If you suspect that a set is a subset of the other, and intersect the two sets together, the result is equal to itself if it is a subset.

 a = [2,1,3,3] b = [5,4,3,2,1] set(a).intersection(set(b)) == set(a) >>True 

You can use set.issubset() or set.issuperset() (or their operator counterparts: <= and >= ).
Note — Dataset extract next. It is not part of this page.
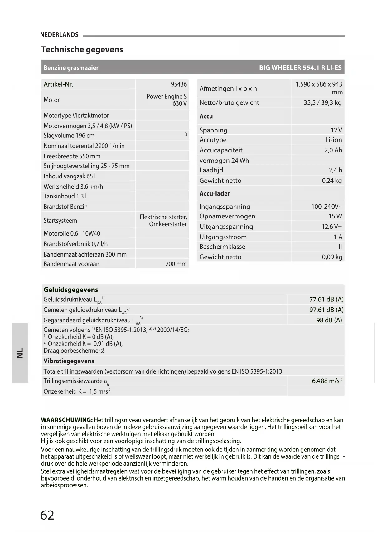 Onzekerheid K = 0,91 dB (A), Draag oorbeschermers! Vibratiegegevens Totale trillingswaarden (vectorsom van drie richtingen) bepaald volgens EN ISO 5395-1:2013 Trillingsemissiewaarde a

Note that methods will take any iterable as an argument, not just a collection:

 >>> {1, 2}.issubset([1, 2, 3]) True >>> {1, 2, 3}.issuperset([1, 2]) True 

However, if you use operators, both arguments must be set:

 >>> {1, 2} <= {1, 2, 3} True >>> {1, 2, 3} >= {1, 2} True 

Below the function returns 0 if the main list does not contain subscriptions completely and 1 if it contains completely.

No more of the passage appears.